With Christmas just a few days away, the war on the holiday is still raging.
It seems some parents are complaining to the Missoula County Public Schools system that certain religious songs should not be included in a Christmas performance by children at Chief Charlo Elementary school.
Alliance Defending Freedom attorneys sent a letter Wednesday to Missoula County Public Schools to support its right to sing the religious songs.
“Accusing a school of ‘bullying’ for including Christmas songs at a Christmas performance is just silly,” said Alliance Defending Freedom Legal Counsel Matt Sharp. “An overwhelming majority of Americans celebrate Christmas, and our courts have upheld the inclusion of traditional Christmas carols, including those that are religious, in school performances as long as it serves an overall educational purpose.”

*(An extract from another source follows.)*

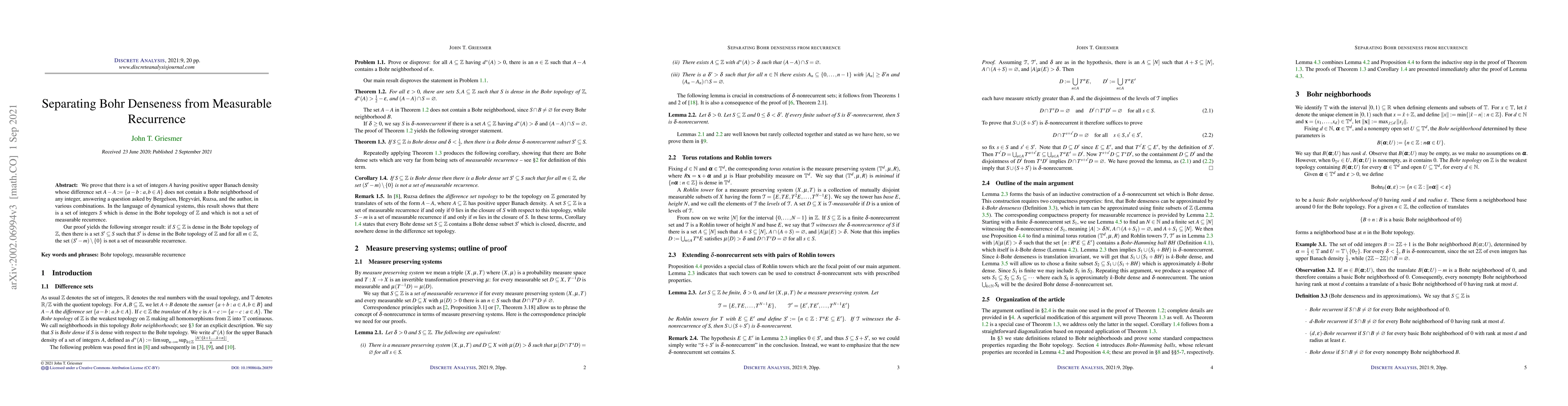 The paper proves the existence of a set of integers with positive upper Banach density whose difference set avoids Bohr neighborhoods, separating Bohr density from measurable recurrence. It also shows that any set dense in the Bohr topology can be refined to a subset where shifted difference sets exclude measurable recurrence.

Here's the backstory: A few parents complained about the song selection included in the Christmas performance by children at Chief Charlo Elementary School. The production included a variety of songs from various musical styles, such as “Up On a House Top,” “Deck the Halls,” “We Wish You a Merry Christmas,” and “Dreidel Spins.” However, the parents complained that inclusion of traditional carols like “Good Christian Men Rejoice” and “Joy to the World” was paramount to “bullying,” and threatened to take legal action.
The ADF letter explains that “students may hear and sing religious Christmas carols during school activities such as choir and Christmas programs without offending the Constitution.”

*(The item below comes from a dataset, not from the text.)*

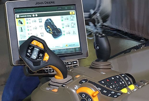 Bei der Hydraulik haben die beiden Neuen eine Förderleistung von 160 L/min. Gut, dass die maximalle Fördermenge bereits bei einer Motorendrehzahl von 1500 U/min zur Verfügung steht. Auch John Deere hat nun endlich einen Multifunktionshebel. Sie nennen ihn CommandPro. Bezüglich Ergonomie und Programmierungsmöglichkeiten bietet er alles, was des Fahrers Herzen höherschlagen lässt. Leider ist er im Moment nur in den beiden Topmodellen erhältlich, wobei John Deere durchblicken lässt, dass er über kurz oder lang auch auf den anderen Modellen der Serie 6R kommen wird.

Moreover, the ADF letter notes that “the Eighth Circuit defined “the term ‘study’ to include more than mere classroom instruction; public performance may be a legitimate part of secular study.”Therefore, school officials may constitutionally present Christmas songs and carols that contain religious references when included with a variety of secular songs and carols.”
“A small group of Grinches should not be allowed to censor constitutionally-permissible and culturally-significant songs performed during a Christmas program,” added Sharp. “It is ridiculous that people should have to think twice about publicly celebrating Christmas.”